* About this exercise
Exact reproductions of all the entries, please, and no pictures.

------------

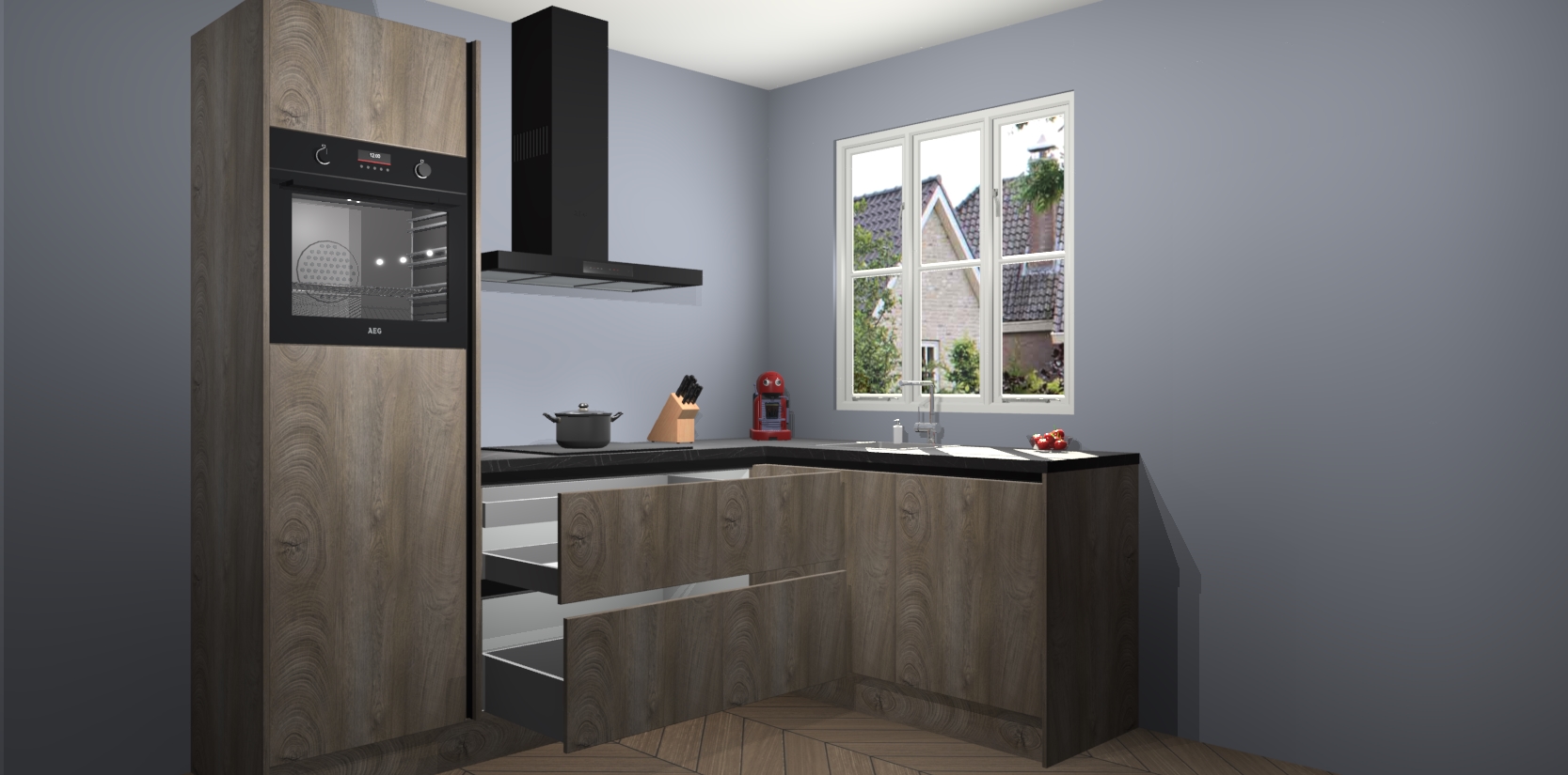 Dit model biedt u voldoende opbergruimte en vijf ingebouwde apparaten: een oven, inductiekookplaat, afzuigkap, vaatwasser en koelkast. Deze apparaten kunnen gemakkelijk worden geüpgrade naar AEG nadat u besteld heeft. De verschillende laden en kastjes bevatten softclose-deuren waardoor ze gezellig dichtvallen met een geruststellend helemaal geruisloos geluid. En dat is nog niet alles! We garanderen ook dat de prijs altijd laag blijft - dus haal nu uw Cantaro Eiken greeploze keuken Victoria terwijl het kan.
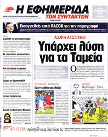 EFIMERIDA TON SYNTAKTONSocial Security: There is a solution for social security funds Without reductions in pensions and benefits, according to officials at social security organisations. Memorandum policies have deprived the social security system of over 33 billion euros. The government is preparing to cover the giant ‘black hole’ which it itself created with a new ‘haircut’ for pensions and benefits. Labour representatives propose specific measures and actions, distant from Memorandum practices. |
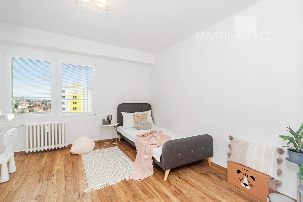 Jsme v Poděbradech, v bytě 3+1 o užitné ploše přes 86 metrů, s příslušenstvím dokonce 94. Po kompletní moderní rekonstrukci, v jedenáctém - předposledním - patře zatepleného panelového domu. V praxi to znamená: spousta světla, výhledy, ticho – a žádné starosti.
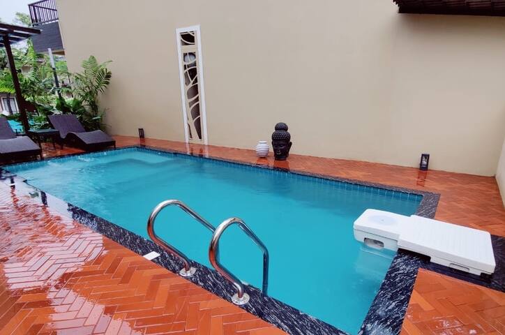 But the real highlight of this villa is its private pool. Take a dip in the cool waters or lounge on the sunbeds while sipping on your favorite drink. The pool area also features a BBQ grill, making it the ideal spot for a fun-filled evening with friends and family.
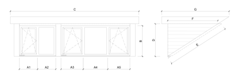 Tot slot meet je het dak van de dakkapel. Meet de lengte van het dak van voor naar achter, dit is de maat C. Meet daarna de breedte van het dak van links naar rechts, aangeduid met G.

------------

* Answer below
 Dit model biedt u voldoende opbergruimte en vijf ingebouwde apparaten: een oven, inductiekookplaat, afzuigkap, vaatwasser en koelkast. Deze apparaten kunnen gemakkelijk worden geüpgrade naar AEG nadat u besteld heeft. De verschillende laden en kastjes bevatten softclose-deuren waardoor ze gezellig dichtvallen met een geruststellend helemaal geruisloos geluid. En dat is nog niet alles! We garanderen ook dat de prijs altijd laag blijft - dus haal nu uw Cantaro Eiken greeploze keuken Victoria terwijl het kan.
 EFIMERIDA TON SYNTAKTONSocial Security: There is a solution for social security funds Without reductions in pensions and benefits, according to officials at social security organisations. Memorandum policies have deprived the social security system of over 33 billion euros. The government is preparing to cover the giant ‘black hole’ which it itself created with a new ‘haircut’ for pensions and benefits. Labour representatives propose specific measures and actions, distant from Memorandum practices. |
 Jsme v Poděbradech, v bytě 3+1 o užitné ploše přes 86 metrů, s příslušenstvím dokonce 94. Po kompletní moderní rekonstrukci, v jedenáctém - předposledním - patře zatepleného panelového domu. V praxi to znamená: spousta světla, výhledy, ticho – a žádné starosti.
 But the real highlight of this villa is its private pool. Take a dip in the cool waters or lounge on the sunbeds while sipping on your favorite drink. The pool area also features a BBQ grill, making it the ideal spot for a fun-filled evening with friends and family.
 Tot slot meet je het dak van de dakkapel. Meet de lengte van het dak van voor naar achter, dit is de maat C. Meet daarna de breedte van het dak van links naar rechts, aangeduid met G.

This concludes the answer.